Records shown:
- Opening Delimiter -
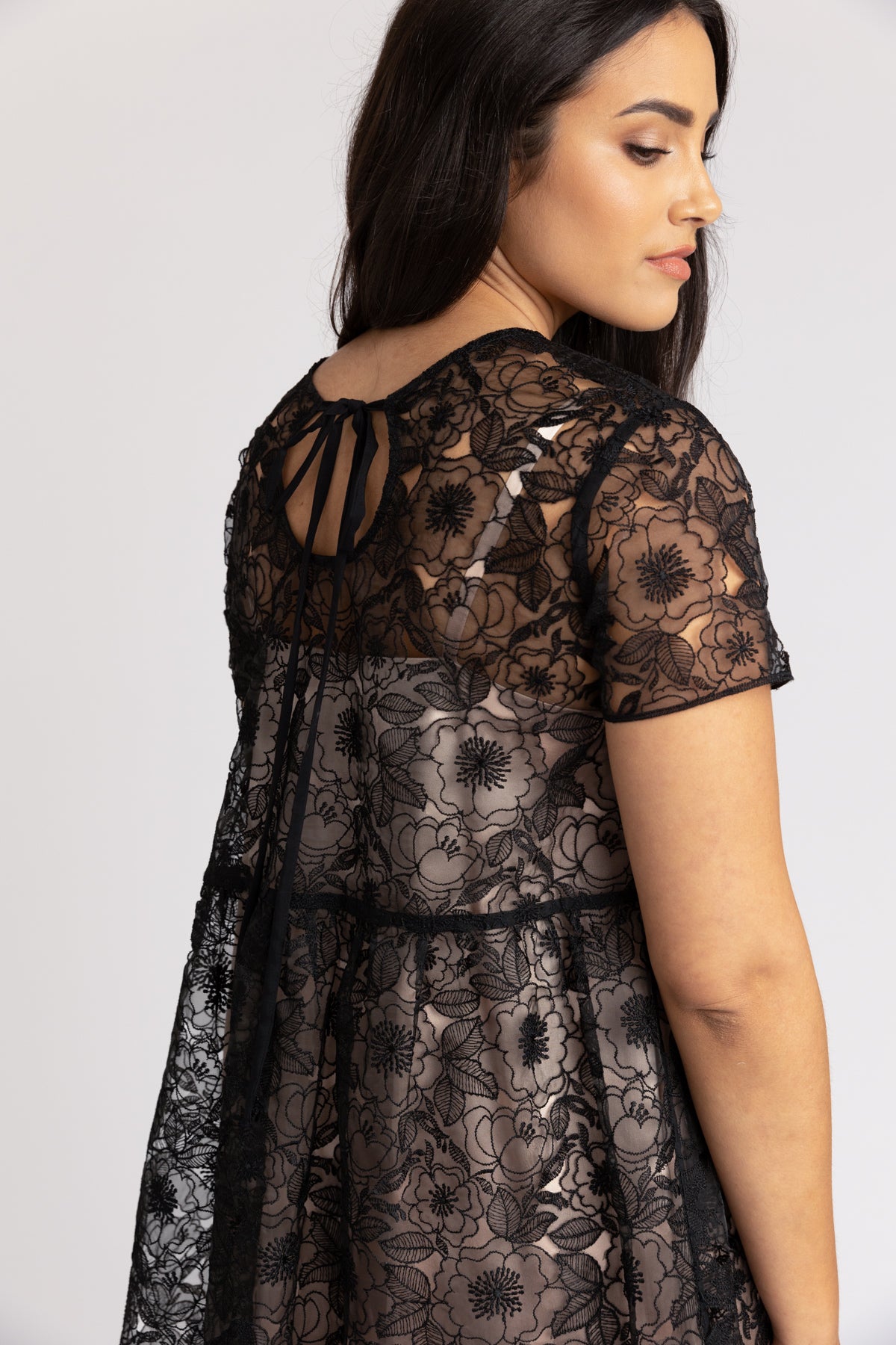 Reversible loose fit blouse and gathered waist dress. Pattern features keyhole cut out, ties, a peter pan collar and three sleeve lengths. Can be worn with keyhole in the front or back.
- Closing Delimiter -
- Opening Delimiter -
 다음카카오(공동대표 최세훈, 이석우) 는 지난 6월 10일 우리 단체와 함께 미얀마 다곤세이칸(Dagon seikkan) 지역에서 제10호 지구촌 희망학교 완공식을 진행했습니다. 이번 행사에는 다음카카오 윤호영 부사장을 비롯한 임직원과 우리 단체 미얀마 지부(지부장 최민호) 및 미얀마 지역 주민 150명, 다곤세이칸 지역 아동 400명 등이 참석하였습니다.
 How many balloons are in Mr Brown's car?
- Closing Delimiter -
- Opening Delimiter -
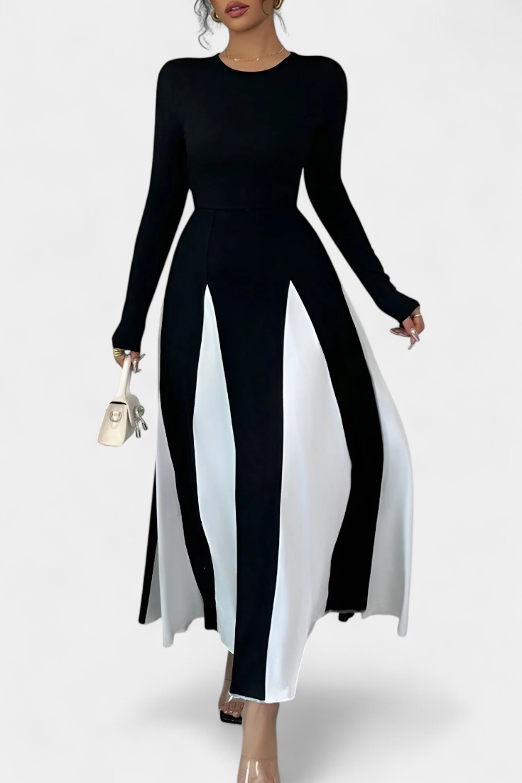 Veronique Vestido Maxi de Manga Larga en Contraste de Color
- Closing Delimiter -
Problem requirements: Return, with no change at all, every line in the entries above from the line containing "다음카카오(공동대표 최세훈, 이석우)" through the line containing "How many balloons are in Mr Brown's car?".

Result of the task:
 다음카카오(공동대표 최세훈, 이석우) 는 지난 6월 10일 우리 단체와 함께 미얀마 다곤세이칸(Dagon seikkan) 지역에서 제10호 지구촌 희망학교 완공식을 진행했습니다. 이번 행사에는 다음카카오 윤호영 부사장을 비롯한 임직원과 우리 단체 미얀마 지부(지부장 최민호) 및 미얀마 지역 주민 150명, 다곤세이칸 지역 아동 400명 등이 참석하였습니다.
 How many balloons are in Mr Brown's car?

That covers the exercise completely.